What Now? The Farm System in a Post-Russell Era

I offered a thought experiment this offseason to my followers on twitter. The question posed was what would the Cubs farm system rankings look like if it graduated Addison Russell in addition to Kris Bryant this year? I was mostly shouted down with “who cares about farm system rankings then?” but my hypothetical scenario appears to be turning into reality.

The Cubs built a historically good farm system in a very short amount of time. The big league club was bad for five years, but the first few years they have done the opposite of what Jim Hendry did as he tried to save his job. The proof is in the Cubs’ current top 10 at Baseball America, which does not include a single prospect acquired by the Hendry regime in that time.

In the time since they took over, Theo Epstein and Jed Hoyer have purposely focused solely on acquiring as much young talent as possible and have succeeded in record fashion. The time in the sun for the Cubs farm system will likely be shorter than its rise to prominence.

The system ranking rested largely on the trio of Kris Bryant, Addison Russell, and Jorge Soler, and there is not a wave as massive to replace it. There also might never be another like it since the Cubs’ ability to replace those types of prospects hinges on being bad. The Cubs will draft ninth this year, and hopefully not in the top ten for a very long time again. The front office plans to blow out its international amateur budget again this year, but its ability to duplicate the success of two years ago will be limited since the Dodgers, Rangers, and Phillies are all likely to do the same.

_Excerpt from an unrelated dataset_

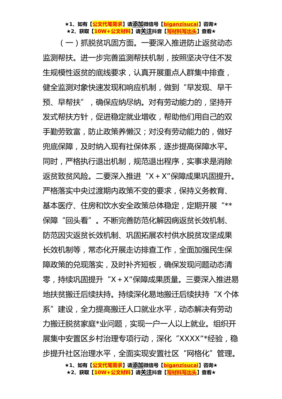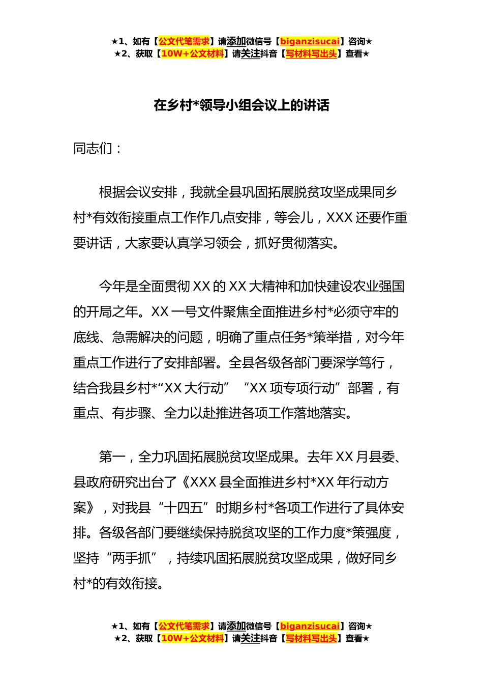 ★1、如有【公文代笔需求】请添加微信号【biganzisucai】咨询★★2、获取【10W+公文材料】请关注抖音【写材料写出头】查看★在乡村*领导小组会议上的讲话同志们:根据会议安排,我就全县巩固拓展脱贫攻坚成果同乡村*有效衔接重点工作作几点安排,等会儿,XXX还要作重要讲话,大家要认真学习领会,抓好贯彻落实。今年是全面贯彻XX的XX大精神和加快建设农业强国的开局之年。XX一号文件聚焦全面推进乡村*必须守牢的底线、急需解决的问题,明确了重点任务*策举措,对今年重点工作进行了安排部署。全县各级各部门要深学笃行,结合我县乡村*“XX大行动”“XX项专项行动”部署,有重点、有步骤、全力以赴推进各项工作落地落实。第一,全力巩固拓展脱贫攻坚成果。去年XX月县委、县政府研究出台了《XXX县全面推进乡村*XX年...

As a result, the Cubs will be prevented from spending big on a single prospect in this arena for two years, by which time an international draft will be in place that will further limit the Cubs options in amateur acquisition. Add on top of that the hope that the Cubs will be buyers instead of sellers this trade deadline and you’ve painted a bleak picture for a return to farm system dominance.

But that is, of course, okay as long as the major league team is succeeding. The whole point of developing a farm system was to provide resources for the major league team. It is also unreasonable to expect to be able to call up an Addison Russell-type prospect to fill any hole the team has on the roster, but we have also seen what happens when there isn’t sufficient depth to cover glaring holes. The current situation in the bullpen is exacerbated by the fact that the Cubs really don’t have any MLB-ready arms to replace Justin Grimm or Neil Ramirez.

The purpose and need for the farm system is changing. The focus up until now has been on developing impact talent for an organization that was starved for it when Theo Epstein took over. That will always be the hope when drafting and acquiring amateurs, but as the Cubs’ opportunities to acquire those kinds of amateurs will be (severely) limited, the focus will shift to the under-the-radar type prospects.

These are the guys that do not have the national publications buzzing, but end up being useful big league players anyway. The guys that will hopefully mean that the Cubs don’t have to continue giving opportunities to Brian Schlitter.

This transition is going to begin this season as the Cubs’ edge in draft spending will finally end. The Cubs, by virtue of their poor records, have accumulated some of the largest draft bonus pools. Add in that they have spent up to the 5% overage every single draft and you see why the Cubs currently have spent the most in the draft since the new CBA kicked in.

Epstein and Co. draft ninth this year, which will severely cut into the amount they can spend and the hope is that it will only get worse. The fact that the rest of the division is eligible for additional competitive balance picks means that the Cubs will likely be unable to outspend any of their division foes until the next rebuild.

The Cubs still have tremendous depth in their system and they will add to it with the June amateur draft and July 2 signings. But the days of the farm system being historically good are over almost as fast as they began. The depth remaining is worth watching, as is the manner in which the Cubs are able to add to it without the advantages enjoyed during the rebuild. The window is still open, but how the brass handles the farm in the face of success will determine how long it remains that way.